Interview with Harriet Klepper, EU COP28 Delegate

Interview with Harriet Klepper, EU COP28 Delegate

Interview by Augusto Gonzalez

Harriet is a youth climate activist from Germany, currently pursuing a dual master’s at Sciences Po Paris and Bocconi University and working as a teaching assistant for the Sciences Po Law Clinic on Corporate Social Responsibility and Innovation. She has been involved with different education, youth, and climate organizations, participating most recently at COP28 in Dubai as a delegate for Young European Leadership. She is also serving on the ProVeg Youth Board, advocating for a sustainable plant-based food-system transformation.

To start, I wanted to ask what motivated you to participate in the COP conference, and what were your expectations before attending?

COP conferences have been at the forefront of international climate action. We have the scientific proof to show that we need to be changing how our world is being run – COP is the occasion to exert pressure on representatives to take meaningful action and stop global warming. I was hoping to specifically make youth voices heard, as we will be the generation who will have to deal with the worsening consequences of climate inaction. Given the fact that the world has not been on track at all to meet the goals of the Paris agreement, my hopes for COP28 were very high, even though it was clear that one conference would not be enough to resolve all the problems related to climate change.

That is great to hear! With that in mind, can you share some key takeaways or highlights from the conference that left a lasting impression on you?

There are many – one highlight has definitely been to follow the negotiations and informal talks around the first-ever Global Stocktake. It was one of the most talked about outcomes of the 2023 edition of COP: it is supposed to evaluate the progress towards the 2015 Paris Agreement goals and will therefore have an important role to play in the upcoming round of country climate action plans. Being there with so many other enthusiastic youth climate activists fighting until the last minute for the inclusion of certain aspects into the final text has been an incredible journey. It gives an insight into how complex international negotiations can get – and how every comma can matter to the actual impact of the text.

With all that you did at the summit I am sure that your professional background helped you navigate all the challenges that you faced. With that being said, what did you learn at Boston Consulting Group (BCG) that helped you at COP28?

One of the main things I learned at BCG has been to quickly adapt and stay flexible, but focused in a high-paced environment– in the case of COP, this can mean that you get an email at 9h to inform you that your delegation has been allocated a time slot to speak to a MEP (Member of the European Parliament) at 10h at the other end of the venue, which demands fast preparation and coordination skills, whilst maintaining your calm. Plans change all the time, so you need to stay updated and know where to get relevant information from. At the same time, it is important that you keep in mind your priorities – there are a few hundred events happening, you cannot and should not try to attend all of them. Within our delegation, we agreed that meeting with European representatives would be one of the most effective ways for us to make youth voices heard, and therefore invested a lot of time and energy into arranging those encounters. But it of course comes at the expense of, for example, having less time to network with other climate activists.

Thank you for that insight. As a follow up, I wanted to ask you what you think should be done within the finance world to improve the current situation as it pertains to climate advocacy?
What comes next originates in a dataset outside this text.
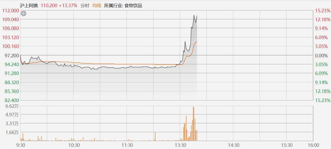 Group 1 - The stock of "沪上阿姨" in the Hong Kong market has seen a significant increase, rising over 13% at one point and currently up by 12% [2]

A lot! We need to increase private flows towards climate finance – we risk a financial breakdown if banks keep investing in fossil fuels, as we need to be moving away from them. Policy-makers can create incentives to channel money towards greener alternatives, e.g. by increasing public-private blended financing opportunities. We also need to be bridging the adaptation gap. The Global North needs to scale up their contributions towards adaptation measures in lower-income states. Finally, we will also have to rethink the global financial architecture to ensure fair representation.
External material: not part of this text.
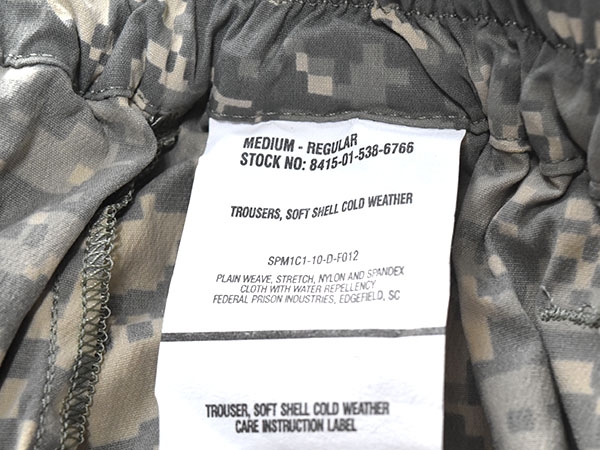 米軍実物、ECWCS (Extreme Cold Weather Clothing System) GEN3 LEVEL5、ACUカラーのソフトシェルパンツです。ポケットは両サイドと両膝上に計4つ付いています。防寒性が高くBDUの上から着用するよう設計されています。

As you mentioned in your previous answer, there is a lot more that can be done to help combat climate change and climate justice is a critical aspect of addressing environmental issues. How do you think the conference addressed or acknowledged the importance of climate justice?

My impression was that climate justice was a very important demand from many civil society groups at COP. Climate justice and climate finance go hand in hand – those who have been profiting from carbon-intensive technologies for centuries have to be the ones who take most of the responsibility and cover the most important part of the costs. It cannot be those who already suffer most of the consequences. However, in practice, when we look at the Loss and Damage fund for example, we see that we are still billions of dollars short of our promises. Climate justice will therefore continue to be something activists need to be fighting for.

Thank you so much for your participating. As a final question, I wanted to ask you how do you plan to apply the knowledge and experiences gained from the COP conference in your future endeavors or advocacy for climate action?

Participating at COP as a delegate gave me important insights into international climate negotiations, which are invaluable to prepare effective climate advocacy campaigns. I also met with many new people that I am hoping to reconnect with at events in the upcoming months! My plan is to leverage this new knowledge and the connections to make my advocacy work, for example with the ProVeg Youth Board, more impactful, and share the learnings with other activists to fight together for a just transition towards a more sustainable world.